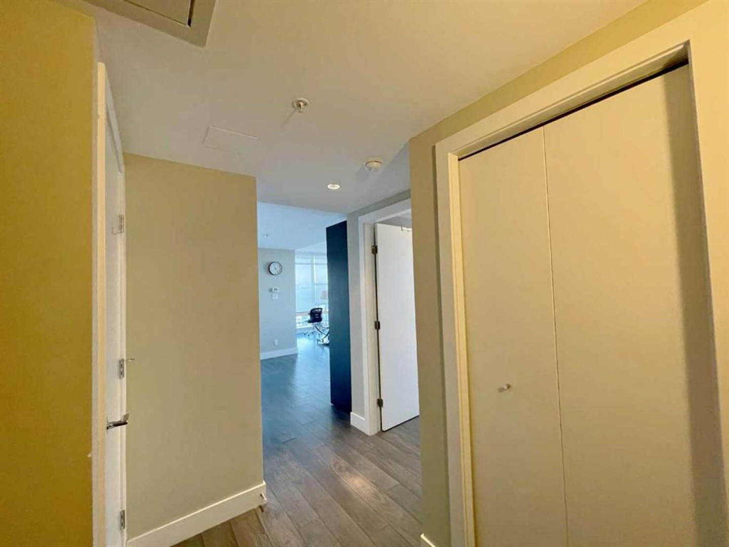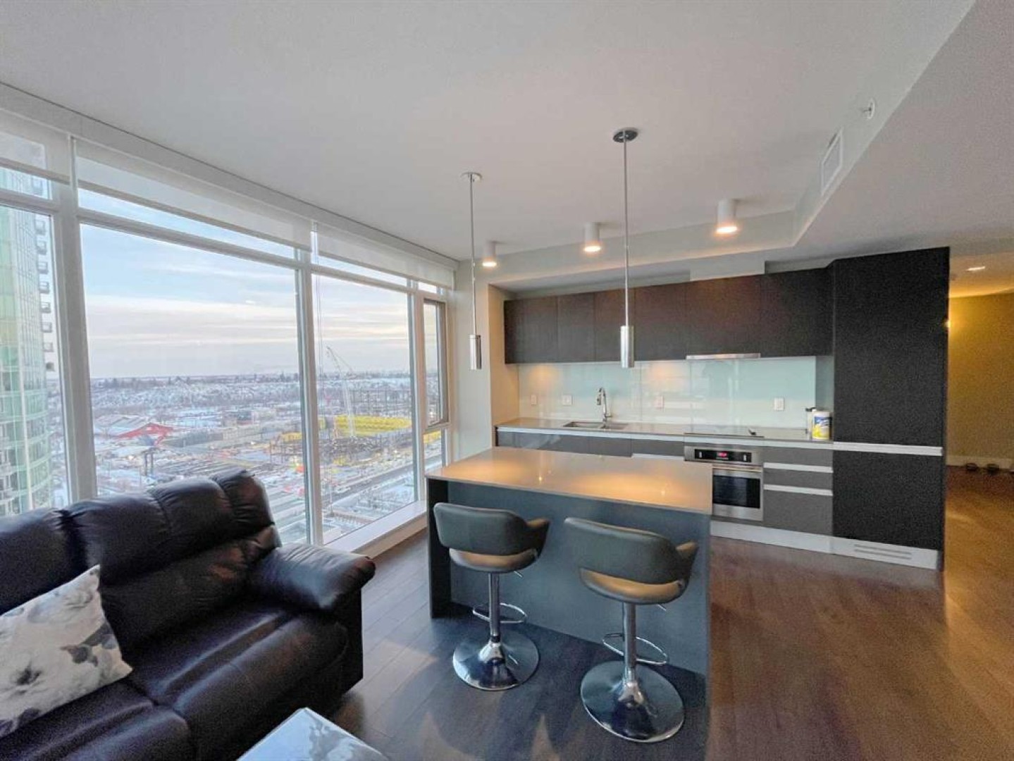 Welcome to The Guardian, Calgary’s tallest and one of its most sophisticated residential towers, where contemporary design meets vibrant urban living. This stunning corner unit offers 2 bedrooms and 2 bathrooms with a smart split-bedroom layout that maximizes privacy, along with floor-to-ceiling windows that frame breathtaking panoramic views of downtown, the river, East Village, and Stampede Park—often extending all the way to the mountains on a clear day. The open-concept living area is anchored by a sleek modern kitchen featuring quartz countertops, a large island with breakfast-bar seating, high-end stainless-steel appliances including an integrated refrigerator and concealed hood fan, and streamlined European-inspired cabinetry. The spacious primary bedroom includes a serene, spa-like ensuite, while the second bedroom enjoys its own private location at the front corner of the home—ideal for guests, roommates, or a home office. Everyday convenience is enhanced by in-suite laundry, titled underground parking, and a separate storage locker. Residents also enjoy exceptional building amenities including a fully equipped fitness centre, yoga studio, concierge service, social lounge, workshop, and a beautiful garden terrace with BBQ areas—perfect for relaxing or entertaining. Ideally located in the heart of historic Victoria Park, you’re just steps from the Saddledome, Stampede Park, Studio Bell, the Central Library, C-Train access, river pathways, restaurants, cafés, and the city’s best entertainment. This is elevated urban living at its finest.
- - -
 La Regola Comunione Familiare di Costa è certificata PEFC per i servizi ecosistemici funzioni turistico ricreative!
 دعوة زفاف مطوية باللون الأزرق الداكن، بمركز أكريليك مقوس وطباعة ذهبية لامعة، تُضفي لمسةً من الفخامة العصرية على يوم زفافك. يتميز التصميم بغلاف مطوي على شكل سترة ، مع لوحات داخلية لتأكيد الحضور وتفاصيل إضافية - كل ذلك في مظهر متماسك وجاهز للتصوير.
- - -
### Task
Within the material above, transcribe exactly the lines that run from the line holding "La Regola Comunione" through the line holding "دعوة زفاف مطوية".

### Answer box
 La Regola Comunione Familiare di Costa è certificata PEFC per i servizi ecosistemici funzioni turistico ricreative!
 دعوة زفاف مطوية باللون الأزرق الداكن، بمركز أكريليك مقوس وطباعة ذهبية لامعة، تُضفي لمسةً من الفخامة العصرية على يوم زفافك. يتميز التصميم بغلاف مطوي على شكل سترة ، مع لوحات داخلية لتأكيد الحضور وتفاصيل إضافية - كل ذلك في مظهر متماسك وجاهز للتصوير.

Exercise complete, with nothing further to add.